You might want to do it both ways to see that they both agree and bolster your confidence in using the simple approach in the future.

But momentum conservation Will only Tell me the alpha's deflection if I know the momentum transfer.

Write down the momentum conservation and the energy conservation equations and solve them simultaneously for the two final velocities. You will get two solutions, post them and let’s discuss their meaning.

And by "Why" I mean if It can be clearly shown by looking the equations of some fundamental law.

Yes. You can show the same overall result using either conservation of momentum and energy or using Coulomb’s law and Newton’s 2nd law. The conservation laws are easier (algebra instead of calculus) but less detailed (no forces or interaction time).

 

[Jufa]

That is definitely the easiest approach. That will also get you the right answer, but you won’t see any details about the duration of the interaction or the force.

Instead, you can use Coulomb’s law and Newton’s 2nd law. You will get the same overall result, but you will see the details of the interaction.

You might want to do it both ways to see that they both agree and bolster your confidence in using the simple approach in the future.

I think I've got somewhere Dale. Energy conservation sets a limit on how big can the velocity gain be. Indeed, the collision might not be elastic, since heat losses, setting an even lower upper bound for velocity gain. Therefore, non-massive objects cannot transfer (effectively) momentum. Just as if you have a huge coin and make it collide towards a little one. Momentum conservation does not forbid a huge deflection but energy conservation does. Am I right? (Thank you all for being that patient

 

[jbriggs444]

Momentum conservation does not forbid a huge deflection but energy conservation does.

Yes. Imagine shooting a massive ball at a tiny one. But coat the tiny ball with explosives. Now the massive ball can rebound at an arbitrarily large speed and at an arbitrarily great deflection angle.

 

[Dale]

Energy conservation sets a limit on how big can the velocity gain be.

Yes. It also limits how small it can be (assuming an elastic collision). There are only two velocities that are consistent with both conservation of momentum and energy.

 

[Jufa]

Nice. Thank you guys for helping, can sleep well tonight now :).

 

[Drakkith]

Remember this refers to Thompson's model, so the electrons were believed to be attached to the atom. I don't understand why we don't just assume that the moment transferred to the electrons has to be somehow (shared) by the whole atom.

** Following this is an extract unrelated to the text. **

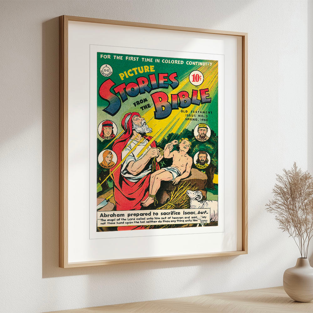 This Spring 1943 issue, published by DC Comics, presents a vivid adaptation of Old Testament narratives, blending religious reverence with the dynamic visual storytelling of the Golden Age. The cover depicts Abraham's dramatic preparation to sacrifice Isaac, capturing the tension with vibrant hues and radiating divine intervention through golden beams. Priced at 10 cents, this quarterly release underscored wartime America's engagement with faith through accessible media.

Imagine a baseball that's attached to a 30 ton dump truck with a very strong bundle of bungee cords. Now hit the ball with a baseball bat moving at mach 58,000 (2x10⁷ m/s, or 6.6% the speed of light, the velocity of an incoming alpha particle in Rutherford's experiment). The baseball (assuming it remains intact) is going to go flying off at an enormous speed. The bungee cords holding it to the truck are going to break, and the truck isn't going to move hardly at all since it is 200,000 times more massive than the baseball and the bungees simply can't exert enough force before breaking. Even setting the truck on a frictionless surface won't change things much. A negligible amount of momentum will be transferred to the truck.

Of course, our bat should have a mass of about 1 ton in this case (7,340 times as massive as the baseball, same as an alpha particle vs an electron). So it isn't deflected much from the collision either. Perhaps a better example would be a large motorcycle hitting the baseball at mach 58,000.

I wonder if the insurance would cover the damage to the bike...

Edit: Just realized I was confusing pounds and kg. My motorcycle was close to 1000 pounds, but that's only half a ton. Oh well, I think I've gotten my point across.